La tribune publiée par Jacques Julliard dans Libération le lundi 18 janvier 2010 fait débat. L’historien et journaliste donne sa vision des conséquences de la crise économique et des leçons que la gauche doit en tirer. En vingt propositions, Julliard ébauche une critique des excès du capitalisme financier actuel et évoque les options politiques susceptibles d’y remédier.


Nous serions dans un capitalisme d’actionnariat purement spéculatif et désintéressé du bien commun. Cette absence de recherche du compromis et de la discussion a rétabli un pouvoir de classe débridé. Le capitalisme financier hyperpuissant aurait profité de la mondialisation pour mettre en concurrence les travailleurs du monde entier, faire pression sur les salaires et réduire le pouvoir des Etats. Les effets néfastes de ce "néocapitalisme" sont apparus clairement lors de la crise économique de 2008 et rien ne permettrait de dire qu’ils ont été freinés par un retour de la réglementation depuis. Dans ce système, la fin de l’industrialisation a rendu le chômage structurel et la recherche du plein-emploi  dérisoire.


Il y aurait donc un "réensauvagement des rapports sociaux" dans lesquels les syndicats se trouvent acculés et obligés de défendre la préservation de l’emploi et des salaires sans la moindre possibilité de prendre des initiatives positives. L’Union européenne et la deuxième gauche en France auraient été incapables de changer le visage hyperlibéral du capitalisme et d’éviter le risque actuel de populisme.

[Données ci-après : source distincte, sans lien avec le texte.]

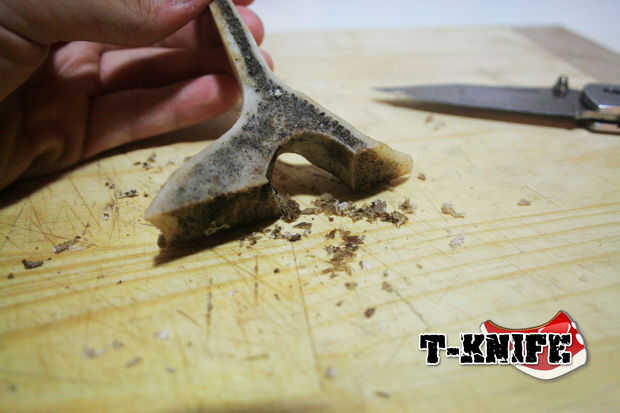 Rayado perpendicular al hueso, esto quitará un montón de piezas pequeñas de color marrón y blancos.

A cet égard, ni le messianisme écologique, ni la foi droit-de-l’hommiste, ni l’hypothèse communiste ne sauraient constituer des solutions pérennes pour refonder nos sociétés sur des bases plus saines. Pour autant, il ne servirait à rien de s’acharner dans la voie de l’antisarkozysme, ou de prôner un rapprochement nécessaire avec le centre sans s’interroger sur la nature du pouvoir politique en place et les aspirations de l’électorat des classes moyennes et populaires. De la même manière, Jacques Julliard considère qu'il serait incohérent de choisir une personnalité issue du monde financier telle que Dominique Strauss-Kahn pour prétendre représenter une alternative crédible au pouvoir actuel.


Ainsi, toutes les forces opposées au néocapitalisme doivent s’unir, les syndicats doivent faire front, le système bancaire doit être au moins partiellement nationalisé, et c’est alors seulement que l’espoir d’un rétablissement d’un système véritablement démocratique et juste émergerait. Certains se sont étonnés cette semaine de voir un de ses principaux inspirateurs enterrer l’idéal autogestionnaire de la deuxième gauche. D’autres, comme Martine Aubry, ont félicité Jacques Julliard pour l’acuité de son analyse

 

* Jacques Julliard, 'Ving thèses pour repartir du pied gauche', Libération, le 18 janvier 2010.